Alibaba brings full text search to its data warehouse with ParadeDB. Read their story.

A Data-Driven Approach to Writing Better Developer Documentation

By Ming Ying on September 19, 2024

We wrote our first line of documentation for ParadeDB over one year ago. Since then, we’ve rewritten our documentation three times. Recently, we analyzed several months of community support messages and dozens of user interviews to determine what changes were the most impactful. Here’s what we learned.

Why Thoughtful Documentation Matters

In the early days of ParadeDB, we wrote our documentation hastily because most of our time was spent building the product.
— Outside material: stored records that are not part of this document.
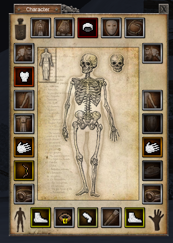 The border area of the window focuses on the items which can be equipped. Items may be added to these boxes by dragging them from an inventory window and releasing over one of the boxes or via the right-click menu on objects in the inventory and selecting equip. Some items have multiple equip options such as weapons, so that an off-hand weapon may be specifically equipped. Hover over each to get a description, there is an overview of which items may be equipped to each slot on the inventory page.
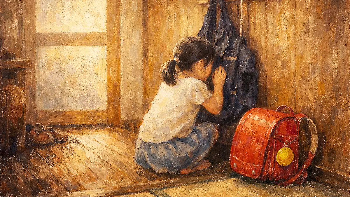 赤いランドセルは、玄関の壁に立てかけてあった。
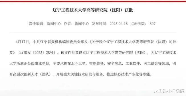 这些年辽宁工程技术大学也在改变这种现状,先是办了个葫芦岛兴城校区,又一直积极东进沈阳,这些年和沈阳没少眉来眼去,但是一直没有实际动作。在今年4月份,辽宁工程技术大学高等研究院(沈阳)获得有关部门批复,从此这个项目走上了飞一般的流程。
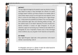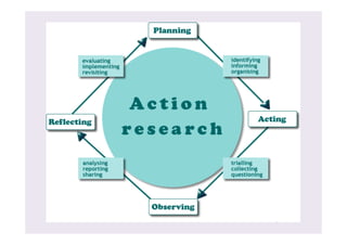 This document discusses various methodologies used in qualitative research, including action research, ethnography, and reflexivity. It provides an overview of key aspects of these methodologies such as their basic steps, processes of reflection and action, aims to understand perspectives from within a setting, and use of thick description. The document also discusses data collection techniques, issues of validity, and how reflexivity requires acknowledging the interactions and perceptions that shape research relationships.
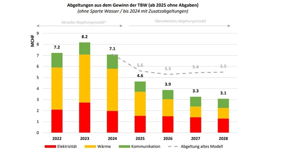 "Die TBW stehen vor einer herausfordernden wirtschaftlichen Ausgangslage und finanziellen Herausforderungen, wodurch das Ergebnis künftig tiefer ausfallen wird. Daneben bestehen im Bereich der heutigen Abgeltung und Abgaben zulasten der Endkunden rechtlicher Handlungsbedarf. Mit der Überarbeitung des Abgeltungsmodells kann der Finanzbedarf und somit die Verschuldung der TBW verringert werden. Jedoch wird die bisherige Höhe der Abgeltung an den allgemeinen Stadthaushalt nicht mehr erreicht. Gleichzeitig werden die nötigen rechtlichen Grundlagen geschaffen."
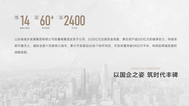 国匠精工,与城共生。入主冰城15载、依托鲁商集团强大国企背书、深度参与城市心脏位置运营,打造多座口碑品质楼盘。2025鲁商从改善城市生活回归豪宅赛道,为城市厚植人文基因,再筑隐奢新作。

Over time, we realized that flaws in our documentation were causing significant amounts of churn. We estimated that, for every ten companies that reached out for enterprise licenses, three of them disengaged due to “missing features” which, after further analysis, were actually just poorly documented.

Developers are already careful when using products built by startups and are quick to attribute gaps in documentation to project immaturity. First impressions matter, especially for mission-critical products like databases.

Deploy Documentation Like Code

We were inspired by the folks at Write the Docs to treat our docs as code.

Bundling our documentation as Markdown files in the ParadeDB monorepo is one of the most useful documentation decisions we made. The contents of these Markdown files are automatically published to Mintlify, our documentation provider, on production releases.

Deploying documentation with the rest of the code ensures that it does not go out of sync with the actual API. It also allows our users to contribute to the documentation by submitting pull requests.

Make Code Blocks Runnable

Before testing ParadeDB on their data, an engineer always verifies that ParadeDB works in a sandbox environment. To streamline this process, we center our documentation around pre-populated test data and make all our code blocks directly runnable. The faster we get a new user running queries, the faster they’ll want to run those queries on their own data.

-- ParadeDB comes with a procedure that dumps a
-- pre-populated table into the user's database
CALL paradedb.create_bm25_test_table(
  schema_name => 'public',
  table_name => 'mock_items'
);

Wherever possible, we avoid placeholders in favor of hard-coded example values that the user can just copy, paste, and run.

SELECT * FROM <index_name>.search(
	query => paradedb.fuzzy_term(field => '<field_name>', value => '<value>')
);

Before: Code blocks had placeholder values, which forced users to stop and think about how to fill them in and led to user error.

SELECT * FROM search_idx.search(
	query => paradedb.fuzzy_term(field => 'description', value => 'shoez')
);

After: Code blocks are runnable as-is because they consistently reference hard-coded example values.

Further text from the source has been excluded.